The wife brought back a dog, and she decided to give it the same name as her husband. Faced with the notoriously fierce wife, the husband dared to be angry but didn't dare to speak, so he had to be passive with Nuo Nuo and said to Nuo Nuo, "Dear, can you think about it? It's not good for you to let this puppy have the same name as me, and you will often make mistakes in the future ... "

The fierce wife said, "No, you just need to pay attention to my tone. When I call a dog, my voice will be very gentle. "

6. Wife: Honey, do you remember last December when you said that you and Lao Wang went fishing for carp?

Husband: Of course I remember ... Why?

Wife: A carp called at noon today and said you were a father.

7. On the morning of New Year's Day, the wife suggested to her husband, "Starting today, the New Year must have a new atmosphere and respect each other. I will get rid of the bad habit of swearing, and you will get rid of the habit of hitting people easily, okay? "

The husband said yes again and again, and finally added: "From now on, if you curse again, I will beat you flat!" " "

The wife roared: "You are a fairy, I think you fucking dare!" " "

At the dance, a lady kept staring at a man not far from her.

The man felt a little embarrassed and decided to ask. He asked her politely if they had met somewhere before.

"We have never met." She also replied politely, "But you look like my third husband."

"Have you ever been married three times?" He asked:

"no! I have only been married twice. " She answered.

9. A man has a first wife and a second wife. At the age of 60, my hair has turned a lot gray, and I let my first wife and my second wife pull it out every day. But the first wife hated his little white hair and was afraid that the second wife would touch the old man to death, so she deliberately pulled out all the black hair;

The little wife wanted him to look younger, so she pulled out all her white hair. Within a month, the man was bald.

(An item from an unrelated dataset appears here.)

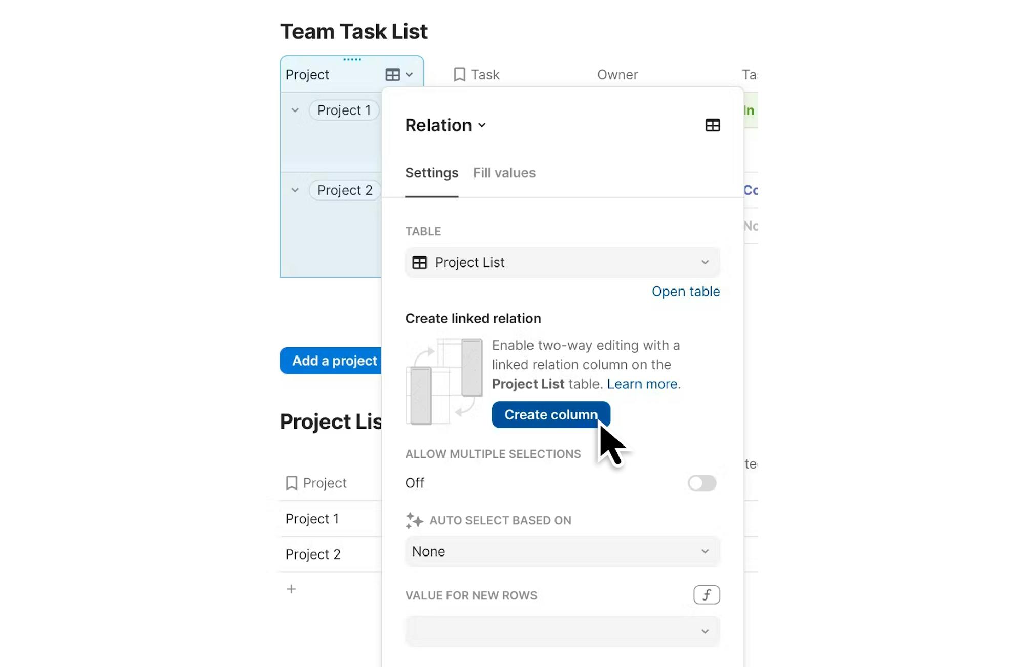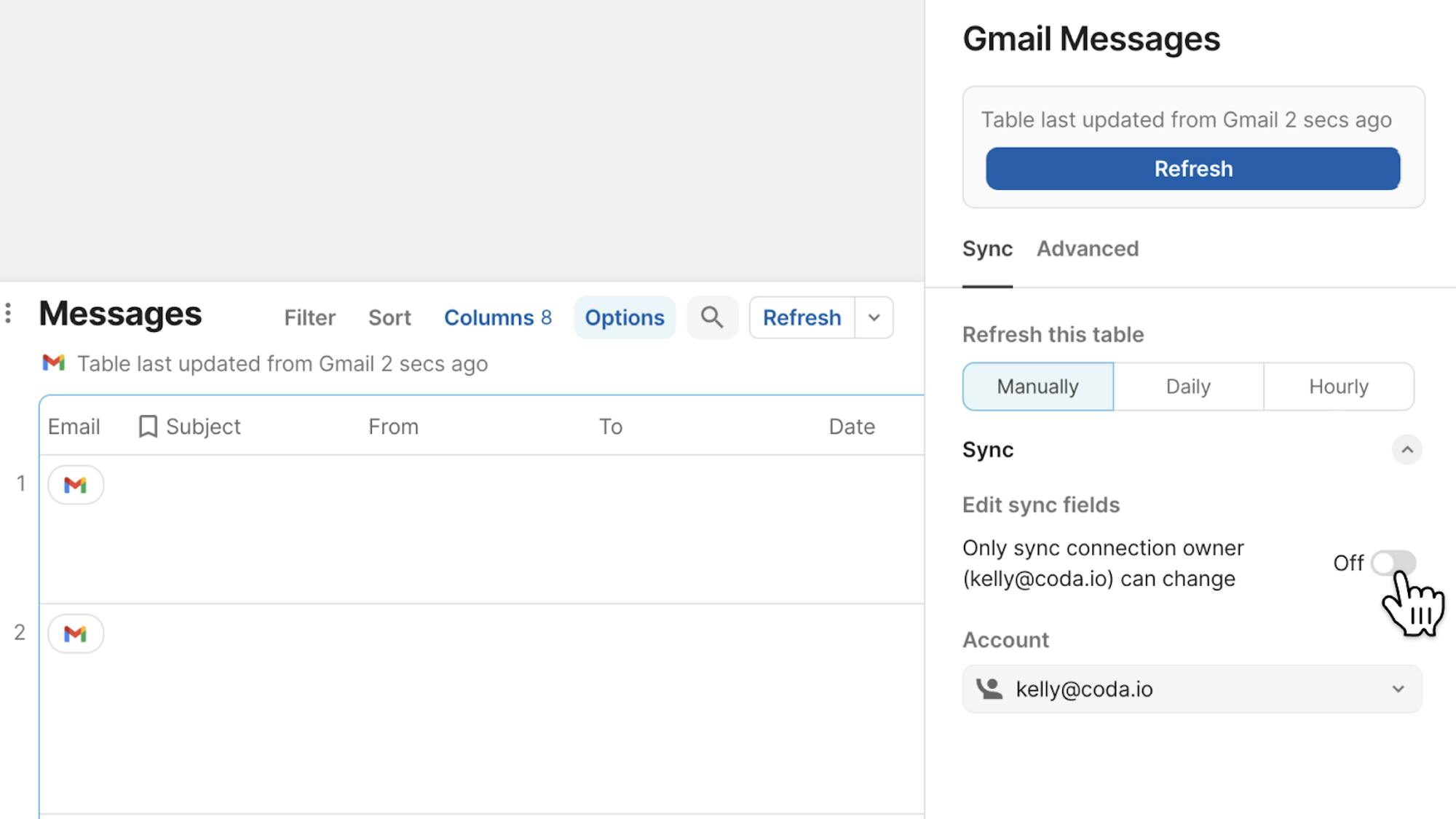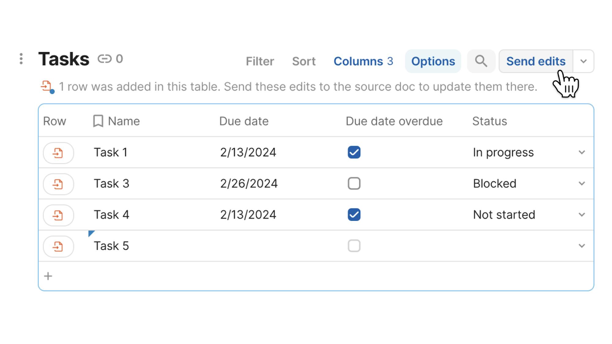 No need to to go back to the source of a Cross-doc table to add or delete a row—with two-way sync enabled, you can now do so directly from the sync table.
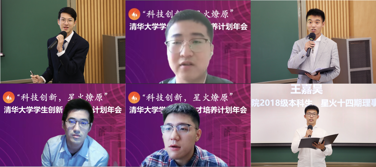 星火在期学员代表们也分享了在星火计划“学科交叉,朋辈激烈”理念下不断成长的经理与收获。材料学院2020级林祐均介绍了他参与“挑战杯”学生课外学术科技作品竞赛的经历。社科学院2019级胡竞天分享了他在过去一年培养环节中寻找科研志趣,并启发院系科协工作的感悟。化学系2018级戚鉴清讲述了他在星火计划中体验纯兴趣导向研究,受跨学科交流启发的故事。经管学院2018级赵淳分享了他通过深入的社会实践发掘问题,并持续投入研究的体会。电子系2018级刘坤瓒讲述了他在开展无线通信阵列发射技术的研究中体会到做学术要无愧于心。星火第十四期理事长、车辆学院2018级王嘉昊作为星火十四期结业学员代表,谈到星火计划塑造了同学们的学术审美与情怀,鼓舞了同学们挑战的勇气与决心,给予了同学们交叉创新的理解与包容。

10. Wang became the general manager of the company by his wife's nepotism. One day, he and his wife went to visit a construction site. Suddenly, a worker wearing a helmet greeted him and jokingly said to his wife, "Mrs. General Manager, do you still remember me?" We used to date a lot! "

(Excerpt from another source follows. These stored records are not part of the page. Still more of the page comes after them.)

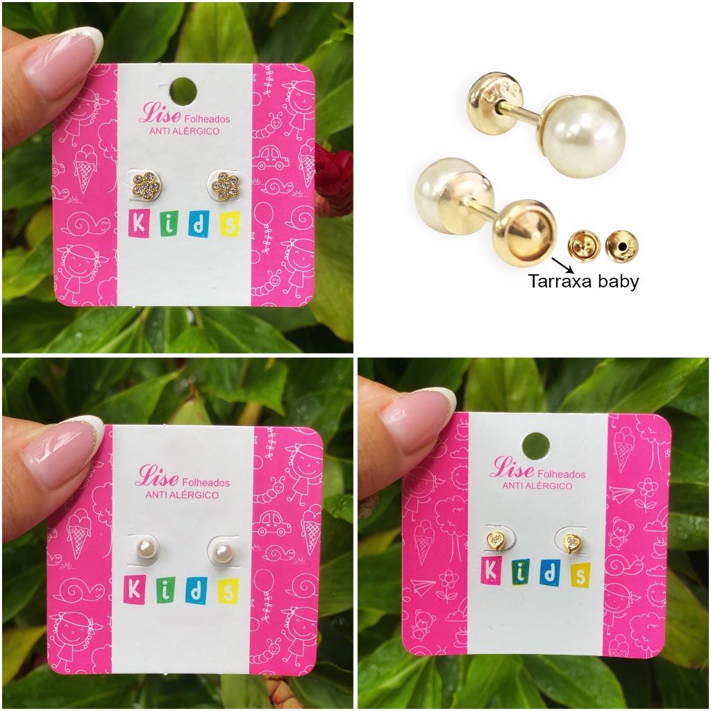 | Brincos Folheados a Ouro Infantil Com Tarraxa Baby Para Crianças 1 Par este produto | R$ 12,50 | 11% | 4.7/5 | 4 |
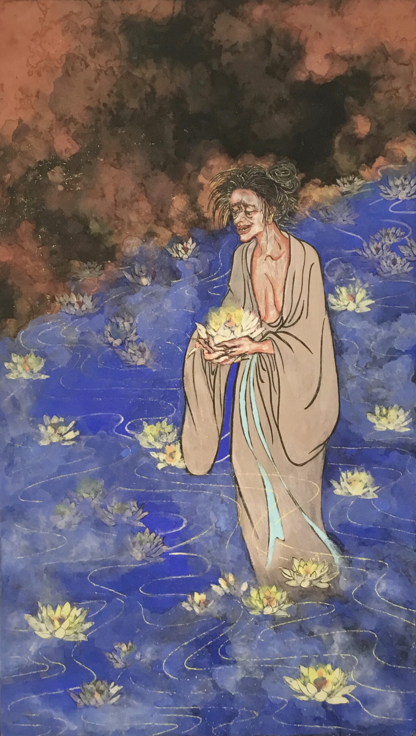 麻紙、岩彩、胡粉、水干、墨流技法等
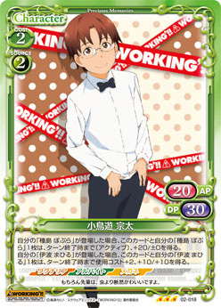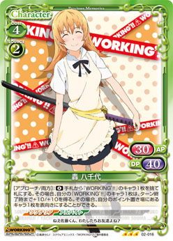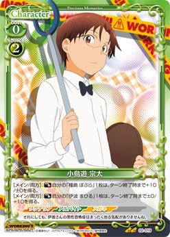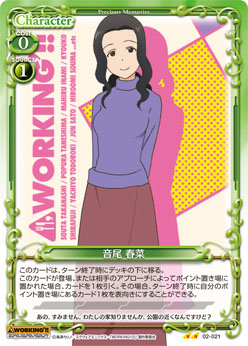 | [アプローチ/両方]:《0》手札から『WORKING’!!』のキャラ1枚を捨て札にする。その場合、自分の『WORKING’!!』のキャラ1枚は、ターン終了時まで+10/+10を得る。その場合、自分のポイント置き場にあるキャラ1枚を表向きにすることができる。 | ||

After returning home, Wang teased his wife and said, "Marrying me was a blessing in your last life! Otherwise, you are already the wife of a construction worker, not the wife of the general manager. "

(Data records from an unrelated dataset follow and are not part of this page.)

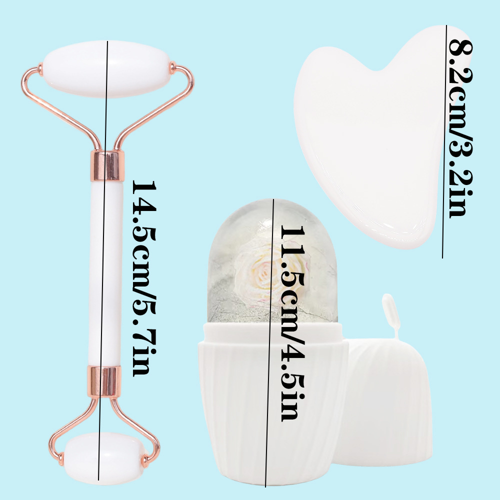 3-in-1 Facial Tools: Combines ice tray, heart-shaped gua sha, and double-headed roller for versatile skincare.
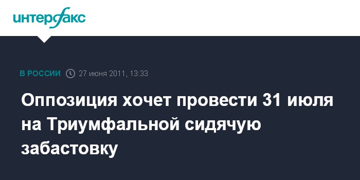 Москва. 27 июня. INTERFAX.RU - Оппозиционеры решили очередной митинг в защиту свободы собраний 31 июля на Триумфальной площади провести в виде сидячей забастовки.
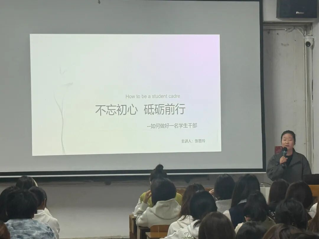 开班仪式结束后,紧接着开展了青马班第一课的授课,本次课程以“不忘初心 砥砺前行——如何做好一名员工干部”为主题。由分团委书记张敬玲主讲,她结合自身多年的员工工作经验,从员工干部的角色定位、职责使命、工作方法、自身修养等方面进行了深入浅出地讲解。她强调,员工干部是联系老师和同学的桥梁和纽带,要始终牢记为同学服务的宗旨,以身作则,发挥模范带头作用。在工作中,要善于沟通协调,注重团队合作,不断提升自己的组织能力和领导能力。同时,张敬玲还向学员们分享了一些员工干部工作中的实际案例,引导学员们思考如何在实际工作中解决各种问题,提高工作效率和质量。

The wife replied: "Husband! Don't flatter yourself. If I hadn't married you, he would have become the general manager of this company. "

1 1. One day, a man came home and found his wife and another man hugging in bed. He flew into a rage, picked up a pistol from one place and killed his wife. Then he ran to the nearby police station and surrendered himself.

During the trial, the judge asked him, "Why didn't you kill her lover and kill your wife?"

"I killed her, but she was alone." The man explained, "If I don't kill her, I'm afraid I'll kill many others from time to time."

12. A white couple got married for many years and finally had a child. But at birth, the child's skin turned out to be black.

The husband blamed his wife and said, "It's all your fault. Turn off the lights every time you sleep. "

13. A beautiful young girl married an old man, and everyone felt sorry for her.

A friend asked her, "Why did you marry a bad old man who was dying?"

She asked with a smile, "If someone gives you a check of more than one million yuan, can you not care about its cash date?"

14. A pair of boys and girls are talking.

Boy: What will happen to you if I lean on you tightly?

Girl: I will resist!

Boy: What would you do if I put my hand on your waist?

Girl: Of course I will resist!

Boy: What would you do if I wanted to kiss you?

Girl: Of course ... I will fight again!

Boy: If I ...

Girl: Are you finished? Don't you understand that a woman's strength is limited after all?

15. A policeman was patrolling at night and found a drunk crying against a telephone pole. He felt very strange and asked, "What's the matter, sir?"

The drunk cried and said, "Oh! Who are you ... please just in time ... please do something for me ... because my urine ... keeps flowing ... "

The police then took a look. It was found that the tap water next to the telephone pole was not turned on normally.